Les échos n’en retentirent pas au-delà des oreilles de la bourgeoisie. Quand la Dénonciation succéda au Mémoire à consulter, les principes du Globe furent encore plus blessés. L’ultramontanisme était une opinion comme le gallicanisme, comme le protestantisme et le déisme, le droit de s’associer pour le triomphe de cette doctrine était inviolable, comme celui que M. Dubois et ses amis réclamaient pour la libre propagation de leurs doctrines philosophiques. La magistrature n’était et ne pouvait être juge que des actes. Est-ce qu’elle avait un rôle à prendre dans des querelles de science théologique et de divergence de principes? est-ce que les vieilles lois qui blessaient encore ses prérogatives sacrées n’avaient pas été de fait abolies par la charte nouvelle ? Ainsi pensaient les quelques adeptes éclairés qui s’étaient placés courageusement au-dessus des passions du moment.

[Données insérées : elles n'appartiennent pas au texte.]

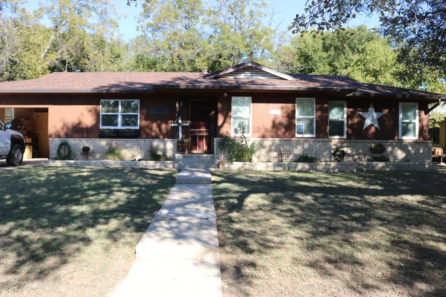 This lovely 3 bedroom, 2 bathroom home sits on 2 lots with a large, fenced backyard. The fence has a double gate that has access to the alley way. There is a portable metal building that conveys. The front and backyard both have beautiful shade trees. This spacious home has a large dining room and living area. The master en-suite bedroom has a large walk-in closet as well as a nice bathroom with large walk-in shower. The kitchen has ample cabinets and the range, refrigerator, and microwave also convey with the sell. In addition to the large laundry/utility room that has storage and clothes folding area and a commode, there is ample storage and closet space throughout the home. The home has central heat and air and gas range. This property is located in the sought out Goldthwaite school district. Give Ashley Deeds (325-998-3320) a call today to schedule a showing!

Montlosier ne sentait pas assez, nous l’avons souvent fait remarquer, qu’il n’y avait plus de place pour le système des castes et des corporations. Pour ceux qui avaient bien lu son ouvrage de la Monarchie française, s’il poursuivait avec tant de rigueur le prêtre moderne, c’est qu’il voyait en lui un clerc rebelle au donjon ; c’est qu’il voulait faire prévaloir, même après la révolution, une sorte de privilège seigneurial.

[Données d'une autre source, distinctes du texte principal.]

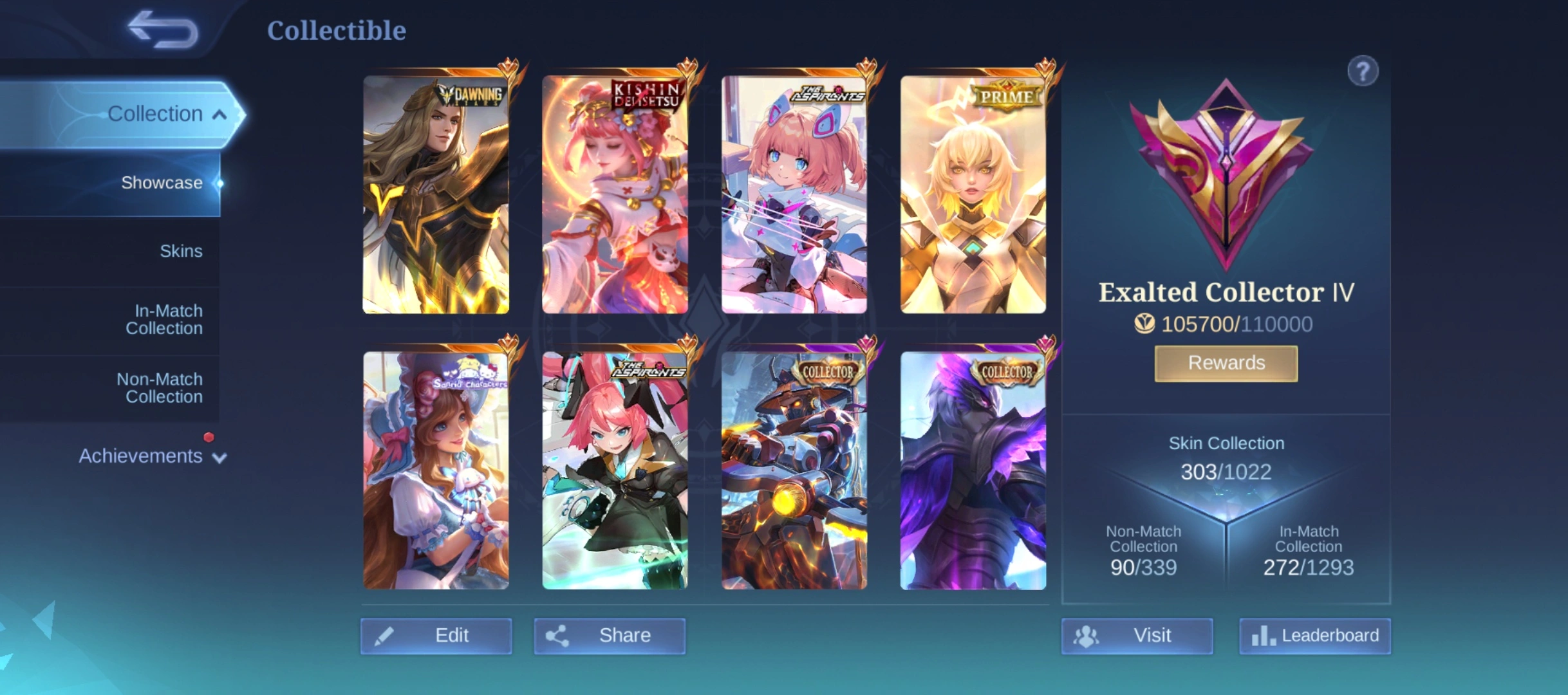 N268|LV 98|EXALTED COLLECTOR IV|303 SKIN|LANCELOT DAWNING|ANGELA KINSHIN|BEATRIX PRIME|2 ASPIRANTS|2 TRANSFORMERS|FLORYN SANRIO|3 COLLECTOR (YSS,GS,ETC)

Le jugement porté par le Globe tenait, au contraire, au seul principe qu’il avait pris mission de faire prévaloir en toutes choses, en science politique comme en littérature et en religion, c’est-à-dire la liberté pour tous. Il était facile, en effet, de voir qu’on s’éloignait peu à peu de la tolérance et qu’on rentrait dans les anciens préjugés en invoquant des juges de la conscience et des tribunaux de doctrine. Le Courrier français, dans un article du 2 août 1826, avait posé comme axiome, que là où il y a une religion d’état, l’état est juge. N’était-ce pas concéder avec ce système qu’un gouvernement pouvait faire des confessions de foi et être juge des opinions ? C’était en vertu de ce faux principe que Lamennais avait été traîné devant les tribunaux comme prévenu d’ultramontanisme. Il ne devait pas y avoir pour la loi de vérité religieuse unique. La loi n’était pas athée, comme l’avait dit M. Dupin ; mais elle était neutre, indifférente en matière de dogme. La guerre de doctrine qu’avaient faite les philosophes du XVIIIe siècle avait été bien autrement mortelle à l’intolérance que l’appel aux inquisitions d’état et aux textes d’une législation surannée. Alors même qu’on croyait triompher matériellement des croyances ultramontaines sur lesquelles s’appuyait l’entourage de Charles X et une partie de la droite de la chambre des députés, il fallait revenir en dernier ressort à la discussion, à la lutte des idées.